## <font color='green'> Regression (Dense)<font>

### <font color='green'> 1. Description<font>

Relative location of CT slices on axial axis data set using 53500 CT images from 74 different patients (43 male, 31 female).
Dataset can be downloaded from https://archive.ics.uci.edu/ml/machine-learning-databases/00206/slice_localization_data.zip

Each CT slice is described by two histograms in polar space.
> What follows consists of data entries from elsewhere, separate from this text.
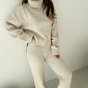 Grey Casual Women's Loose Fit High Neck Oversized Sweater Set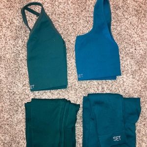 - Mojito Racer V Tank (S) + Box Bra (S) + 2 Pairs of Small Leggings (One pair + box bra are faded as pictured) other pieces are like new!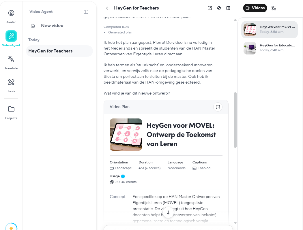 De enige input die Heygen hier gekregen heeft was de URL van de MOVEL pagina bij de HAN. Geen prompt, geen instructies. Wel heb ik 2 van de standaard avatars gekozen, maar dat was het dan ook. De rest is volledig automatisch gegaan.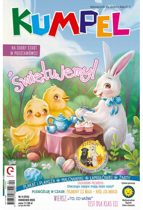 i cieszyć się z bycia razem. „Kumpel” też chce być z Wami w tym magicznym czasie. Dlatego zaprasza na wielkanocne gry i zabawy. Będą powiedzonka związane z jajkami, ciekawostki o zajączkach i barankach. Przeczytamy też wiersz i dowiemy się, co w świętach jest ważne. Będą świąteczne żarty i żarciki oraz malowanki.J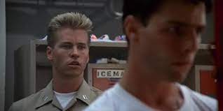 부푼 마음에 오토바이를 타고 질주하는 매버릭. 이렇게 이렇게 두 사람은 사랑에 빠지게 된다. 그 후 훈련은 계속되고, 역시 최고의 조종사인 아이스맨이 경쟁자가 된다. 그러나 아이스맨(발 킬머)은 멋대로인 매버릭을 좋아하지 않는다. 영화 탑건은 영상미, 스토리, 사운드트랙 어느 것 하나 모자람이 없다.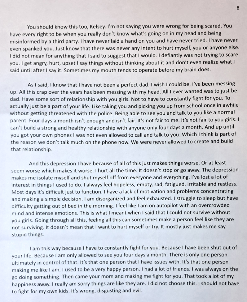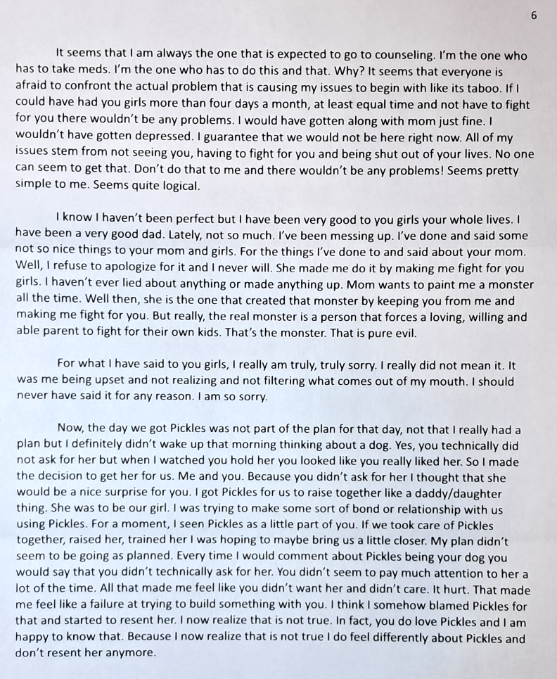 This is a letter from my counselor. Attached is also a letter I had written for my daughter. Trying to explain things to her. I am supposed to talk to her and explain my behavior to them(her). How? Evil Baby Mama is the cause of my behavior. I’m not supposed to talk about their mother. It’s kind of like one of those catch 22 things.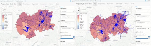For these reasons over the last few months we’ve been preparing an update to the commute layer. The results may be slightly different in some places, for example, if the fast route along a particular desire line becomes shorter, the estimated levels of cycling uptake will increase slightly, reflecting the fact that people are more likely to cycle short distances (assuming there is good infrastructure).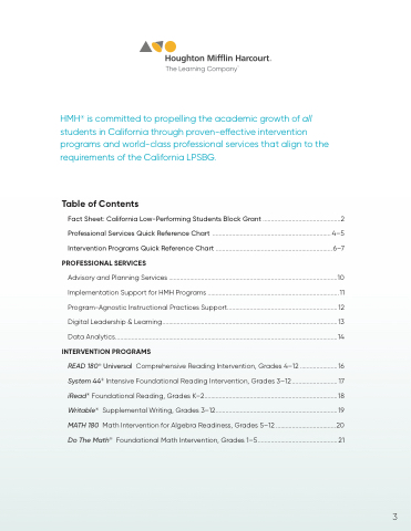 HMH® is committed to propelling the academic growth of all students in California through proven-e ective intervention programs and world-class professional services that align to the requirements of the California LPSBG.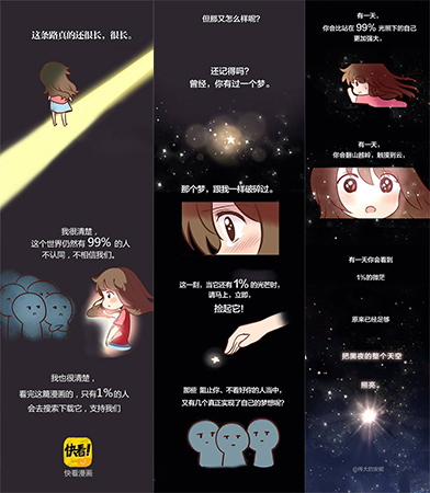 《對不起,我只過1%的生活》用漫畫的載體,以非常逗萌的方式講述了一個關(guān)于夢想的故事。漫畫中的文案都是描述日常生活當(dāng)中的片段,這些細(xì)節(jié)很容易勾起人的感受,產(chǎn)生情懷。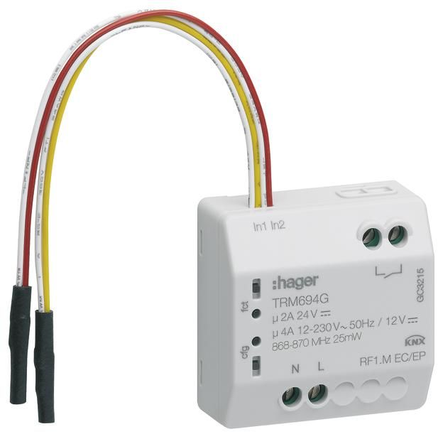 Hager TRM694G Funk UP Schaltaktor 1fach Binäreing. 2f 230V/4A 24VDC/4A 12VDC/2A
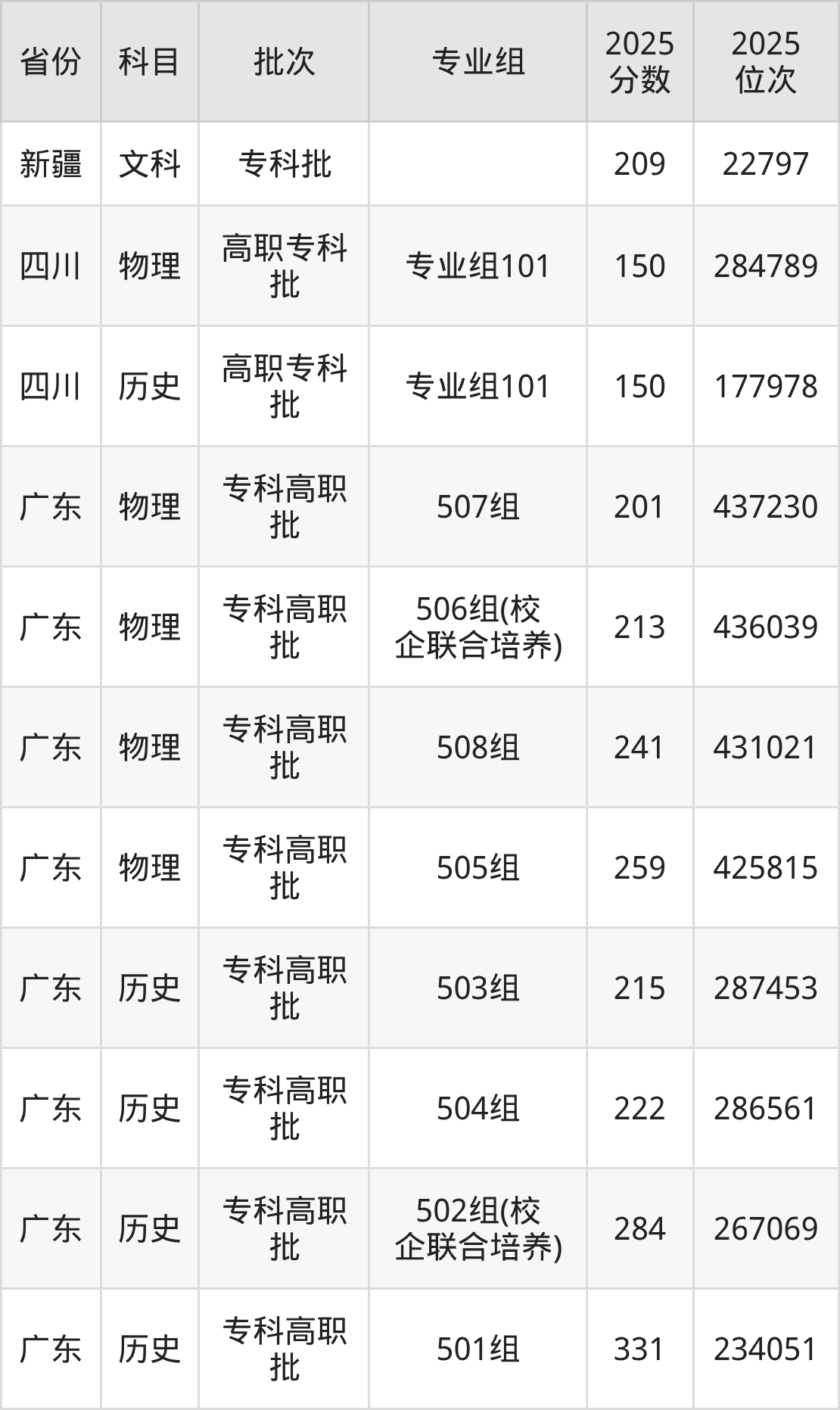 2025年广东南方职业学院全国录取分数线是150分到331分,录取最低在四川物理类(专业组101)、录取最高在广东历史类(501组)。各省各专业组最低分具有差异,详情如下: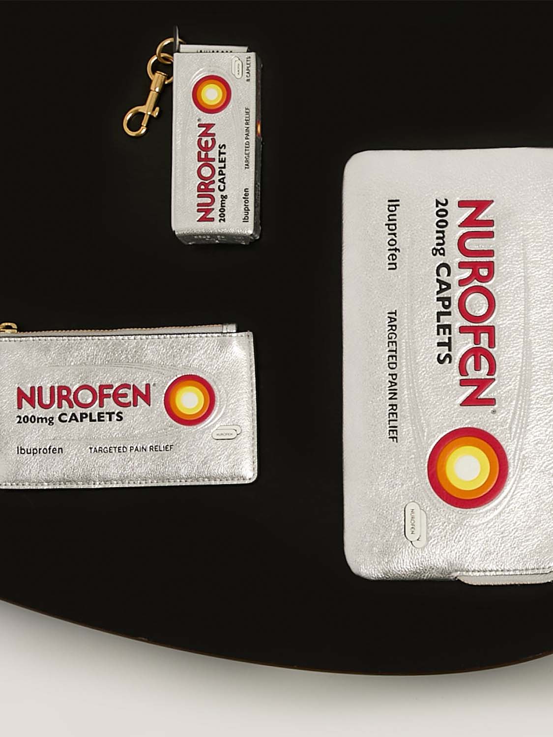 Το limited edition Nurofen Charm της Anya Hindmarch θα κάνει την τσάντα και το σακίδιο σου πιο ιδιαίτερα από ποτέ. Η gold-tone plate αλυσίδα του και ο σχεδιασμός του σε κουτάκι χαπιών Nurofen το μετατρέπουν σε ένα μοναδικό κομμάτι που δεν πρέπει να χάσεις. Η κατασκευή του από δέρμα capra, το κούμπωμα lobster και το μικρό του μέγεθος το καθιστούν τόσο ελαφρύ και ανθεκτικό, ώστε να κοσμεί τα κλειδιά και τις τσάντες σου, χωρίς να τα βαραίνει. Εσύ αλήθεια θυμάσαι να έχεις πάντα μαζί σου τα παυσίπονα σου;

The first histogram describes the location of bone structures in the image, the second the location of air inclusions inside of the body.

The class variable (relative location of an image on the axial axis) was constructed by manually annotating up to 10 different distinct landmarks in each CT Volume with known location. The location of slices in between landmarks was interpolated.

### <font color='green'> 2. Data Preprocessing <font>

In [1]:
import os
import time
import numpy as np
import pandas as pd
from collections import OrderedDict

In [2]:
def preprocess_data(fname):
    '''
    For CT slices regression we will perform some data preparation and data cleaning steps.
    '''
    df = pd.read_csv(fname)
    df = df.drop(columns=["patientId"])
    x = df.iloc[:,:-1]
    y = df.iloc[:, -1]
    from sklearn.model_selection import train_test_split
    return train_test_split(x, y, test_size=0.20, random_state=42)

In [3]:
#---- Data Preparation ----
# Please uncomment the below lines to download and unzip the dataset.
#!wget -N https://archive.ics.uci.edu/ml/machine-learning-databases/00206/slice_localization_data.zip
#!unzip -o slice_localization_data.zip
#!mv slice_localization_data.csv datasets

DATA_FILE = "datasets/slice_localization_data.csv"
x_train, x_test, y_train, y_test = preprocess_data(DATA_FILE)
print("shape of train data: {}".format(x_train.shape))
print("shape of test data: {}".format(x_test.shape))

shape of train data: (42800, 384)
shape of test data: (10700, 384)


### <font color='green'> 3. Algorithm Evaluation <font>

In [4]:
train_time = []
test_time = []
train_score = []
test_score = []
estimator_name = []

In [5]:
def evaluate(estimator, estimator_nm,
             x_train, y_train,
             x_test, y_test):
    '''
    To generate performance report for both frovedis and sklearn estimators
    '''
    estimator_name.append(estimator_nm)

    start_time = time.time()
    estimator.fit(x_train, y_train)
    train_time.append(round(time.time() - start_time, 4))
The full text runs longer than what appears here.